Later that year, Utter opened a dance hall in Lead, a company town far more sedate than its raucous, rollicking neighbor, Deadwood. The dance hall's "boisterous music and scandalous cancan dancing" earned Charlie an appearance before the honorable Gideon C. Moody. Charlie was convicted of "operating a nuisance", but because he had already closed the establishment, Judge Moody sentenced him to a mere one hour in jail. He was also fined $50 on the charge of disturbing the peace.
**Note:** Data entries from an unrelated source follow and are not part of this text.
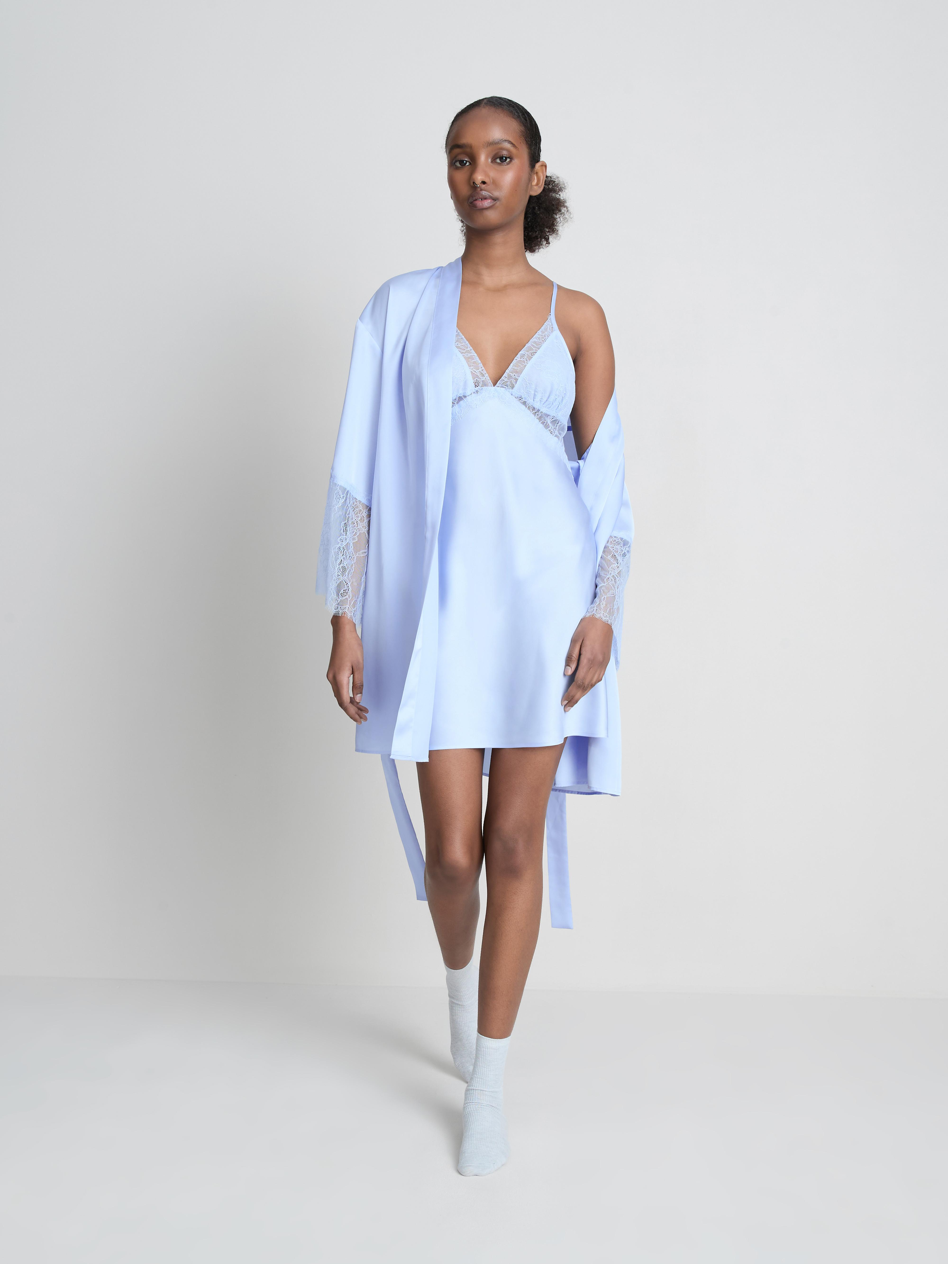 Light blue satin bridal chemise with lace trim, sheer details and adjustable straps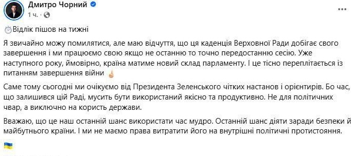 "Отсчет пошел на недели. Я, конечно, могу ошибаться, но чувствую, что эта каденция Верховной Рады подходит к своему завершению, и мы работаем свою если не последнюю, то точно предпоследнюю сессию. Уже в следующем году, вероятно, у страны будет новый состав парламента. И это тесно переплетается с вопросом завершения войны", - написал Черный.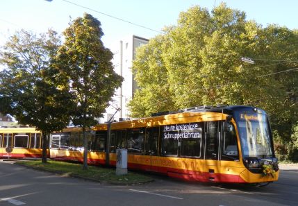 | Die Zukunft: Die neue Niederflur-Straßenbahngeneration für den innerstädtischen Verkehr und erstmals für den Verkehr auf der S1/S11: Somit werden auch Bad Herrenalb und Ittersbach barrierefrei erreichbar! Sie ersetzen peu a peu die Hochflur-Stadtbahnen, bei denen sich die Umrüstung auf Tunnelbetrieb nicht mehr lohnt, weil sie dann ca. 30-35 Jahre alt sein werden. |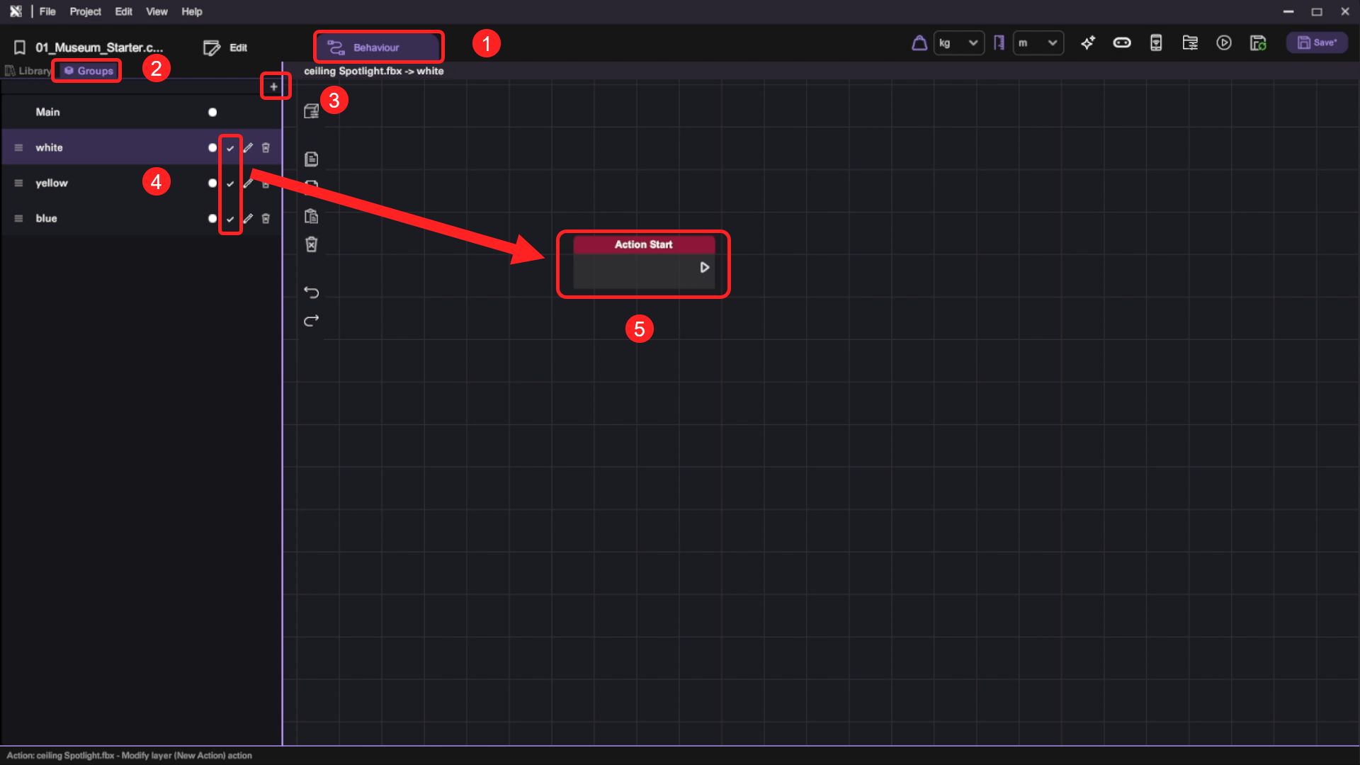 - Select the light and open its behaviour panel. Create 3 new actions and name them "white", "yellow", and "blue".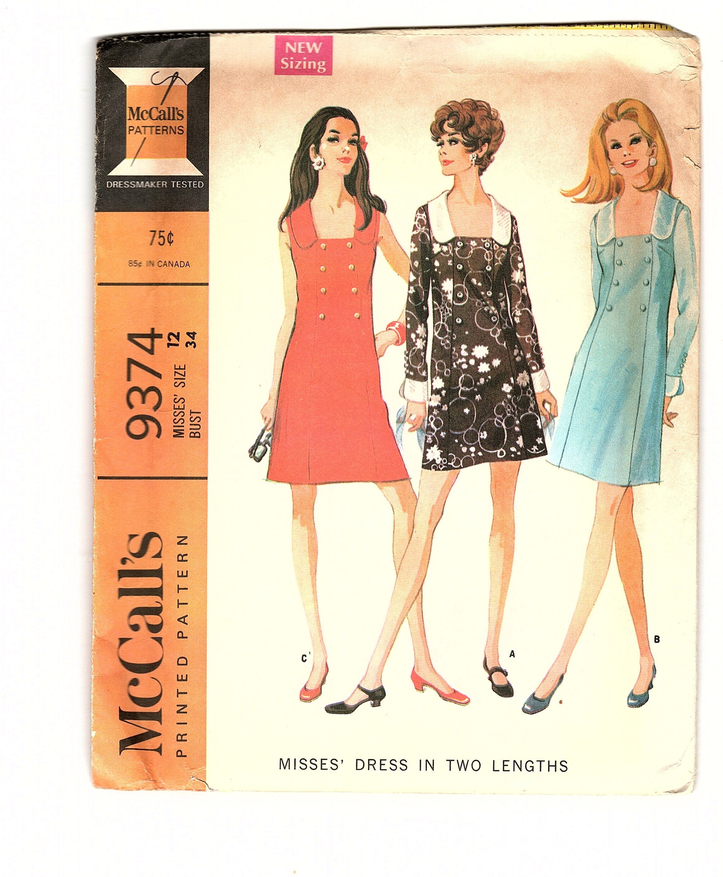 Mccall S 9374 Vintage 60s Dress Pattern 34 Bust Etsy
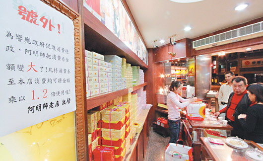 中新網(wǎng)11月19日電 據(jù)臺灣《聯(lián)合報(bào)》報(bào)道,為刺激消費(fèi),臺當(dāng)局將發(fā)放每人三千六百元(新臺幣,下同)的消費(fèi)券,迎接高達(dá)八百五十億元的消費(fèi)券商機(jī),包括零售、超商、量販、餐飲等業(yè)者樂翻了,都把消費(fèi)券視為今年和明年的營銷重點(diǎn),紛紛摩拳擦掌規(guī)劃各種促銷方案。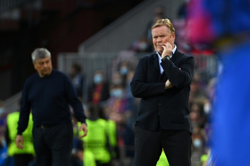 Le coach néerlandais du Barça Ronald Koeman lors du match contre le Dynamo Kiev au stade du Camp Nou de Barcelone en Espagne le 20 octobre 2021. LLUIS GENE [AFP]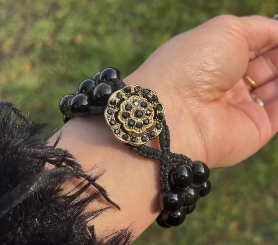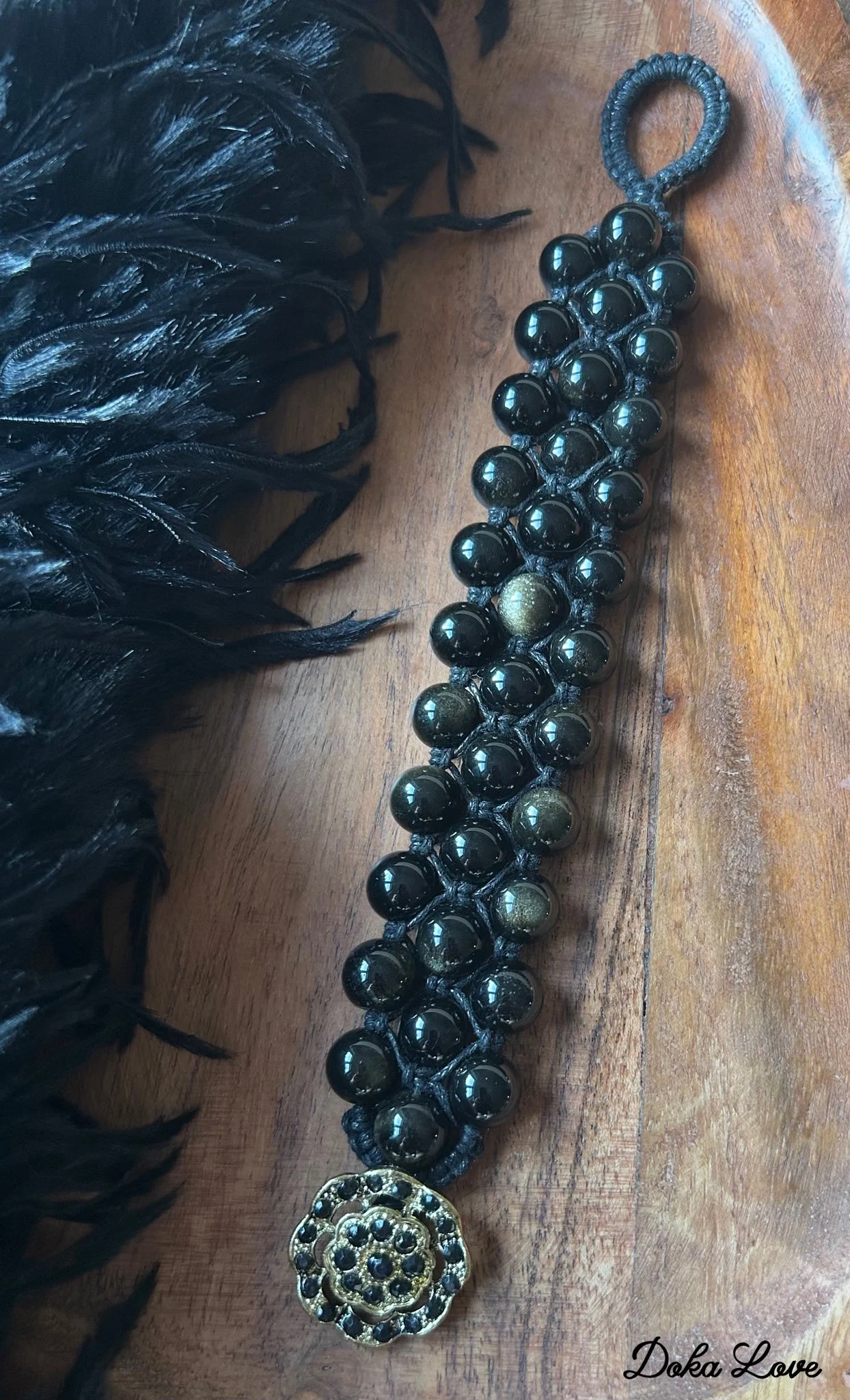 Trzyrzędowa bransoletka makramowa ze złotego obsydianu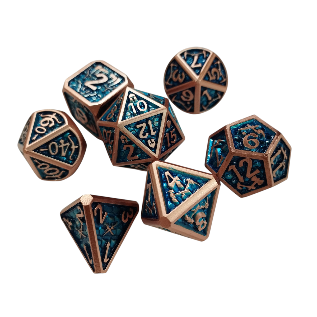 Set de 7 dados metálicos.

Utter was back in Deadwood by the fall of the year. He opened another dance hall and also managed one of Deadwood's theaters. On September 26, 1879, a fire devastated Deadwood, destroying more than 300 buildings (including Charlie's dance hall and the theater he managed) and consuming the belongings of many inhabitants.

== After Deadwood ==
Following the destructive fire, Deadwood ceased to be a frontier town where fortunes could be built (or rebuilt) from nothing, and the newly impoverished left to try their luck in other gold rushes. Utter followed, first to Leadville, Colorado, in February 1880; then Durango, Colorado, having separated or divorced from his wife; then Socorro, New Mexico. There, he opened a saloon and was reported to have a relationship with faro dealer Minnie Fowler. Utter's biographer, Agnes Wright Spring, traced him to Panama in the early 1900s. By then losing his eyesight, he owned drugstores in Panama City and Colón.
According to ship manifests, Utter made several trips back and forth between the United States and Panama in 1888, 1891, 1905, 1910, and 1912, each listing his occupation as a "druggist". He finally returned to Panama in 1913.

== Personality ==
Utter was 5 ft 6 in and was reported as being meticulous in his appearance, which was unusual for that place and time. He had long, black hair and a moustache, wore hand-tailored, fringed buckskins, fine linen shirts, beaded moccasins, and a large, silver belt buckle and carried a pair of gold, silver, and pearl ornamented pistols. He would allow nobody into his tent, even Hickok, on pain of being shot; in his tent, he slept under high-quality blankets, imported from California and carried with him mirrors, combs, razors, and whisk brooms. He was also known for his habit of bathing daily.

== In popular culture ==
Utter is portrayed by Dayton Callie in the HBO television series Deadwood and Deadwood: The Movie. Contrary to the meticulous historical Utter, the character is portrayed as rough-mannered and often unkempt in his appearance. The film, set in 1889, shows the character still living in Deadwood, although the historical Charlie Utter had moved back to Colorado in 1880. The film also shows Utter being murdered in 1889 by henchmen sent by George Hearst after Utter declined to sell his land to Hearst.